## WHAT TO DO
Which lines run from the line with "نقاشی از لحظه" through the line with "蘋果線|城影灰,Type-C+Type-CPowerbanks & BatteriesJC科技 官方旗艦店" in the entries below? Print them exactly, both ends included, and nothing more.

## INPUT DATA

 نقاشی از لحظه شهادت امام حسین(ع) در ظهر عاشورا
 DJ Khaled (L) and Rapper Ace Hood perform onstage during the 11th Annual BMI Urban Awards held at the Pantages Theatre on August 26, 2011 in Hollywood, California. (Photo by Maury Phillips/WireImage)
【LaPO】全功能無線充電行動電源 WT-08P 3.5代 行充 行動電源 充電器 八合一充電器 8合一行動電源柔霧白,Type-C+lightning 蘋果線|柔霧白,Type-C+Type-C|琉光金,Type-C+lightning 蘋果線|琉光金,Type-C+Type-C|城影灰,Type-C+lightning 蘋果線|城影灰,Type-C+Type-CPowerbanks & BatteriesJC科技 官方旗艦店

--

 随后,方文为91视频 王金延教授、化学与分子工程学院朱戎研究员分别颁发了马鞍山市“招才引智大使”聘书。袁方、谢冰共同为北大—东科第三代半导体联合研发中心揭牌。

* * *

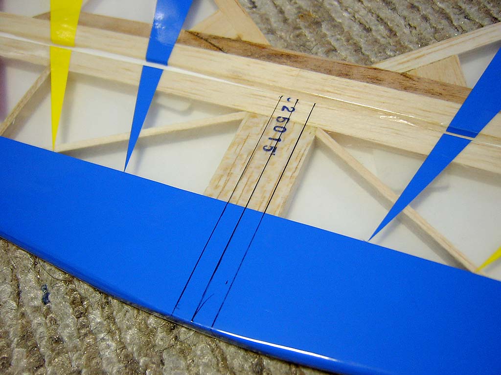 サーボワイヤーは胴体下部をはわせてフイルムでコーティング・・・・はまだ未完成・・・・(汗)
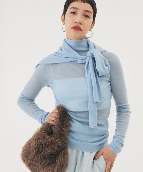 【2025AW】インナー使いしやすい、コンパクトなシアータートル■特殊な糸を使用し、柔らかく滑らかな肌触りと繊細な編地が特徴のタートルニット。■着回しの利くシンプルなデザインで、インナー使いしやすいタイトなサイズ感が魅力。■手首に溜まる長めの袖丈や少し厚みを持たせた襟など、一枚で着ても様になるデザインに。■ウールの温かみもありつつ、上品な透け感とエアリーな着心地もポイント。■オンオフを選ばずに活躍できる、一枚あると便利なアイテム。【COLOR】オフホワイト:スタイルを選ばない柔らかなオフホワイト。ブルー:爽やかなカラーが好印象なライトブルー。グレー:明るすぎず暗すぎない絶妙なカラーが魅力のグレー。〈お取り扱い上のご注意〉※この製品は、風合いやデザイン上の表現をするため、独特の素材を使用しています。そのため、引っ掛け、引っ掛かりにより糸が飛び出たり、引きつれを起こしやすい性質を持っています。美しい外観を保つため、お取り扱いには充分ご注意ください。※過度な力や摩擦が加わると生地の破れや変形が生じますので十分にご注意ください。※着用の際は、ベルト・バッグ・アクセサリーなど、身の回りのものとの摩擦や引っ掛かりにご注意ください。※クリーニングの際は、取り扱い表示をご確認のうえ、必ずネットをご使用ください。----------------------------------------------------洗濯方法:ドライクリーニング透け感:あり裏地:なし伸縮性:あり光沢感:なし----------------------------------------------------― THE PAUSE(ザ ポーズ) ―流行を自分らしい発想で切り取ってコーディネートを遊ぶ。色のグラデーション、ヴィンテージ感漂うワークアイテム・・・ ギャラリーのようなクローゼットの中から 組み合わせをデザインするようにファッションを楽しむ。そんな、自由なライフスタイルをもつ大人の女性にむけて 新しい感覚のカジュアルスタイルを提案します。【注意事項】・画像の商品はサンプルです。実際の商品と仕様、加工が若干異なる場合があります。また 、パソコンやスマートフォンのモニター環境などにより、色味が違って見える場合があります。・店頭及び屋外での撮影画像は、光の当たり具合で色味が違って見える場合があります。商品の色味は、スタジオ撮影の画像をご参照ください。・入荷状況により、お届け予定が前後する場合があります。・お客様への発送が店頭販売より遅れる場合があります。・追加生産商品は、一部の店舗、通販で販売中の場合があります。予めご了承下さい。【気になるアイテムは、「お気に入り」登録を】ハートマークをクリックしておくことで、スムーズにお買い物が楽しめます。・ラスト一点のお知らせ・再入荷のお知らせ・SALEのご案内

## TASK OUTPUT
 نقاشی از لحظه شهادت امام حسین(ع) در ظهر عاشورا
 DJ Khaled (L) and Rapper Ace Hood perform onstage during the 11th Annual BMI Urban Awards held at the Pantages Theatre on August 26, 2011 in Hollywood, California. (Photo by Maury Phillips/WireImage)
【LaPO】全功能無線充電行動電源 WT-08P 3.5代 行充 行動電源 充電器 八合一充電器 8合一行動電源柔霧白,Type-C+lightning 蘋果線|柔霧白,Type-C+Type-C|琉光金,Type-C+lightning 蘋果線|琉光金,Type-C+Type-C|城影灰,Type-C+lightning 蘋果線|城影灰,Type-C+Type-CPowerbanks & BatteriesJC科技 官方旗艦店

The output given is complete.